* Your assignment *
Once the pictures are removed, restate the listing word for word.

* Given data *
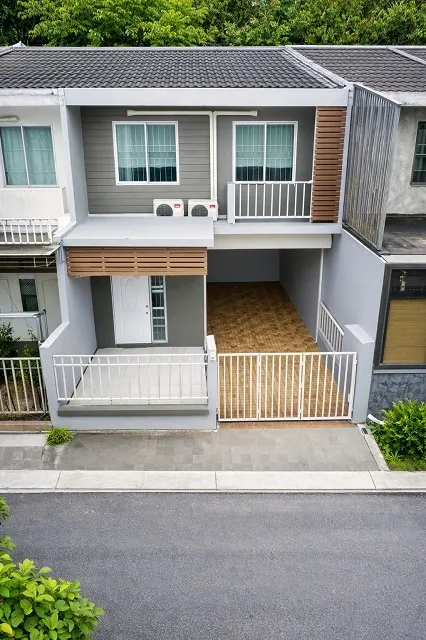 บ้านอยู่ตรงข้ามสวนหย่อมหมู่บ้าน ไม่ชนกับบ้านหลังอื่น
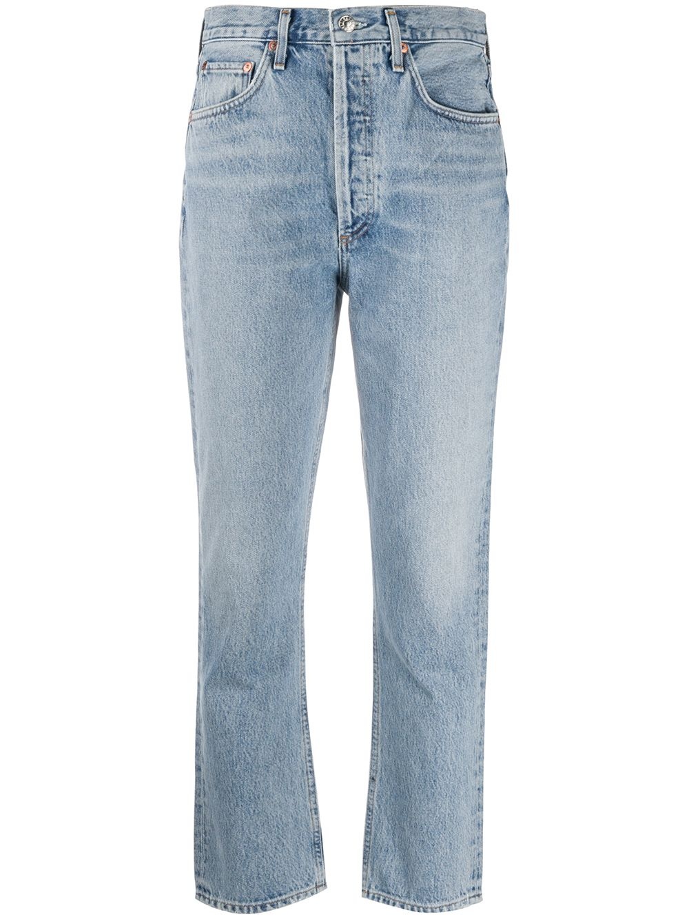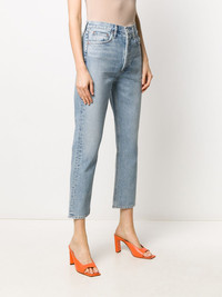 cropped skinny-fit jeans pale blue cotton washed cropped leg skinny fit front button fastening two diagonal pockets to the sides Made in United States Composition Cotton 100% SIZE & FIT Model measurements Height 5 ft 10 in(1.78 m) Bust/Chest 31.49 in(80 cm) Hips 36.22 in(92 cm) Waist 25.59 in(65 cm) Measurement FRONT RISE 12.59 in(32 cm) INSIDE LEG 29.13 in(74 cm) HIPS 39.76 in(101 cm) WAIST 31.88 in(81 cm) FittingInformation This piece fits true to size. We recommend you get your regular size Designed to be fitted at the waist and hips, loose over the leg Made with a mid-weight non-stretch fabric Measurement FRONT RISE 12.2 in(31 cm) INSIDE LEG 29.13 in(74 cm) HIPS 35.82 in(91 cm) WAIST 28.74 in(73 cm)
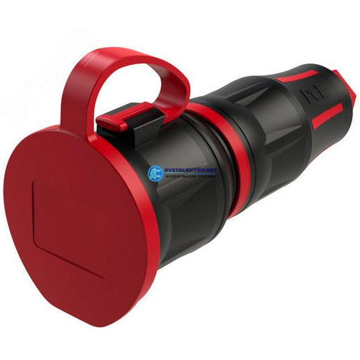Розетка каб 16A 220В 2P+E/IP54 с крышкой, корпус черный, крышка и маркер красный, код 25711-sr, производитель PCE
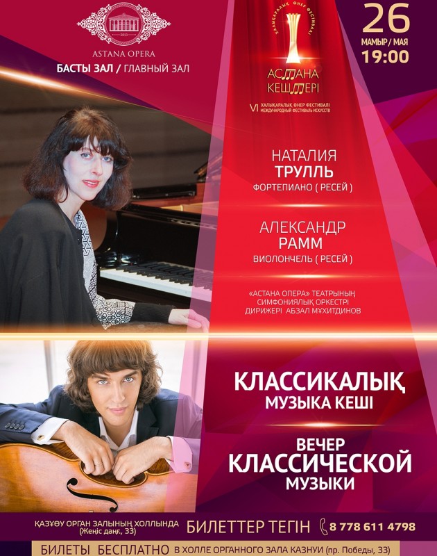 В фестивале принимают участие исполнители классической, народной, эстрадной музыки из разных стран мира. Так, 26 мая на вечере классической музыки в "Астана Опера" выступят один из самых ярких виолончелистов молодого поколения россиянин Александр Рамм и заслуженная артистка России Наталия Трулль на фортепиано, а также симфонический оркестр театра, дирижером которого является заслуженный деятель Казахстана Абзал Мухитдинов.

* Result *
 บ้านอยู่ตรงข้ามสวนหย่อมหมู่บ้าน ไม่ชนกับบ้านหลังอื่น
 cropped skinny-fit jeans pale blue cotton washed cropped leg skinny fit front button fastening two diagonal pockets to the sides Made in United States Composition Cotton 100% SIZE & FIT Model measurements Height 5 ft 10 in(1.78 m) Bust/Chest 31.49 in(80 cm) Hips 36.22 in(92 cm) Waist 25.59 in(65 cm) Measurement FRONT RISE 12.59 in(32 cm) INSIDE LEG 29.13 in(74 cm) HIPS 39.76 in(101 cm) WAIST 31.88 in(81 cm) FittingInformation This piece fits true to size. We recommend you get your regular size Designed to be fitted at the waist and hips, loose over the leg Made with a mid-weight non-stretch fabric Measurement FRONT RISE 12.2 in(31 cm) INSIDE LEG 29.13 in(74 cm) HIPS 35.82 in(91 cm) WAIST 28.74 in(73 cm)
Розетка каб 16A 220В 2P+E/IP54 с крышкой, корпус черный, крышка и маркер красный, код 25711-sr, производитель PCE
 В фестивале принимают участие исполнители классической, народной, эстрадной музыки из разных стран мира. Так, 26 мая на вечере классической музыки в "Астана Опера" выступят один из самых ярких виолончелистов молодого поколения россиянин Александр Рамм и заслуженная артистка России Наталия Трулль на фортепиано, а также симфонический оркестр театра, дирижером которого является заслуженный деятель Казахстана Абзал Мухитдинов.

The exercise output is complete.